Friday, October 5, 2012

I doubt it...

Why is trusting so hard?
Why do you find it so impossible when life is beating you against a wall?

Why does it haunt you.

Why does doubt grip you so firmly?


WHY CAN'T I LET GO?




Hi guys. 

This time my post is even more personal than it usually is.... stick with me....


My biggest struggle right now is one, simple, little 5 letter word.


Everything is railing against me doing this seemingly common action:

Trust. 

Trust is something so easily broken. It only takes one lie, one slip, one miscommunication, one sentence, one belief, one thing forgotten, one....DOUBT.



So what is trust?






Trust

noun
1.
reliance on the integrity, strength, ability, surety, etc., of aperson or thing; confidence.
2.
confident expectation of something; hope.
3.
a person or thing on which one relies.
4.      the condition of one to whom something has been entrusted.

For me? Trust is like belief. When I trust someone to look out for me. That they have my best interest in mind. That they love WHO I am.....not WHAT I am. They're someone who can tell me anything....they'll tell me not just what I WANT to hear....but also what I NEED to hear. 

A little known fact about me. I didn't TRUST God when I was saved. I knew he existed. I accepted that. I asked him to live in my heart. And He did. But it wasn't until recently that he taught me what it was like to TRUST Him. 
It wasn't an easy event that brought me around to trusting Him....but even more recently it's become so much harder to give up my weak attempts and ridiculous doubts. And allow Him full control, full trust of my life. 

He's PERFECT. He doesn't make mistakes. Every single second of my day God knew. He PLANNED it. It's all working to His glory and my benefit...But I doubt.

We get stuck in our own defenses, our doubts, our guilt, our failures, our bitterness. That if we're gonna do something, from now on, we're gonna do it ourselves. So that way it gets done RIGHT. 

Ha. Guys it's like pretending you know what the whole painted masterpiece will look like, what it is, every dimension, when all you can see is one shade of the background color. 

He CREATED YOU. He honestly knows just exactly how much you can handle. His love for you stretches beyond your comprehension....you're playing in a puddle when God wants to take you to the ocean.... 

I'm in my senior year of high-school, and with that, so many decisions need to be made. Graduation itself, school planning to finish it in time, what I'm doing afterwards, friends, acquaintances, driving, ideas, talents, time management. Along with my Dad switching jobs and making offers on multiple houses and trying to sell our own. So I keep catching myself tugging back on the little pieces I've give over to God. I slam up against a wall and start trying to climb it instead of allowing the Creator of the universe to provide a way through it. 
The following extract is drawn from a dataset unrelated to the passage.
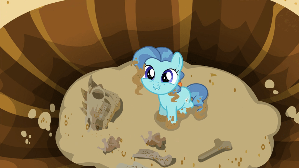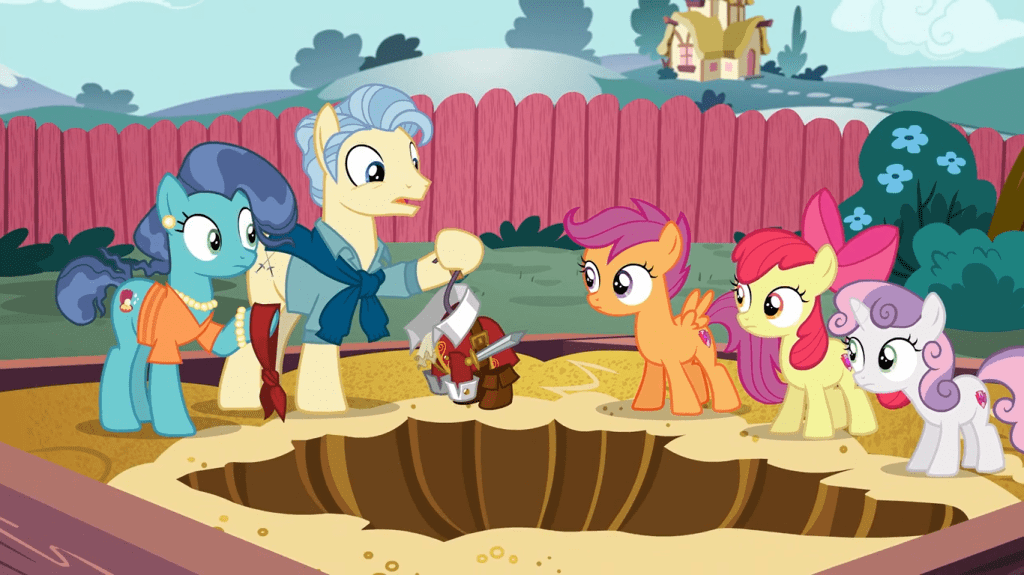 This episode begins with a scene that portrays the Cutie Mark Crusaders as child prodigies, which furthers my theory that Diamond Tiara and Silver Spoon stopped talking to them because they now think they’re beneath the Crusaders. Normally, if a married couple wants to consult someone about their child’s strange behavior, they’d go to a professional adult, but the Cutie Mark Crusaders are so renowned in Ponyville that the parents will happily discuss their problem with these three foals. Their child Petunia has a concerning skull and crossbones as a cutie mark—funny coming from a father whose cutie mark is two swords—but it turns out that her specialty is archaeology. If the Crusaders understand more about cutie marks than most adults do, then I can only imagine what ambitious things they’ll accomplish as adults.

If you've found yourself doing this too, no matter where you are in life, let me just encourage you. 

Guys, He's EARNED your trust. He DIED for you. DO NOT let those doubts consume you. You are NOT ALONE. 
When you trust Him with every fiber of who you are....He can make you light up the skies, you'll shine like a star in this dark generation. You start to embody His beauty to our doubting society. 

Every day you trust in frail things. The chair to hold you, your house to be there when you get back, your car to keep running (or to die continually....) You expect consistency. Pattern. Regularity. But you won't trust the one immovable, immutable, unchanging God. Who's proven himself over and over to you, personally.

Even when He feels furthest from you.....He's still there. His hand is still under you....even when you fall to your knees. He will keep bringing you back to Him. Every time.

It's like someone just walked up to you with a map for your life with every single detail planned out for the absolute best...AND gave you the person who could read the map.
Oh, and by the way? That map reader Loves you more than life itself. Literally. He's proved it. 


Chin up. He's FOR you. It's gonna be okay. 

Those doubts will never shut up. You're always going to have them. They'll constantly be whispering lies to you. And chances are, you'll feel like they're completely true: 
You ARE hopeless. You really can't do anything right. NO one loves you. You'll NEVER be what they want....so why try? You're so ugly. You don't fit in. You have no talents. Heck, you don't even LIKE yourself....so how could anyone else?

Truth is. What you're focused on....will be your truth. What you believe in...will become your God. When you're focused on YOU. You'll be what you're relying on...But when you take that focus off of yourself and put it on God. You can't help but trust Him as He reveals more and more of himself to you. 


So I'm gonna dare you. Do what I did. Most likely you're going through a trial right now. God's refining you and making you even more like himself. So go. Take your journal or a random piece of paper and write down multiple things that you honestly see no way out of. Short term/long term big/little whatever....Date it. Take that page and bring it before God in earnest. Leave it in His hands. Cease being anxious and DO it. DO it. Trust. You might just be amazed how amazing, how beautiful, how PERFECTLY He works it out.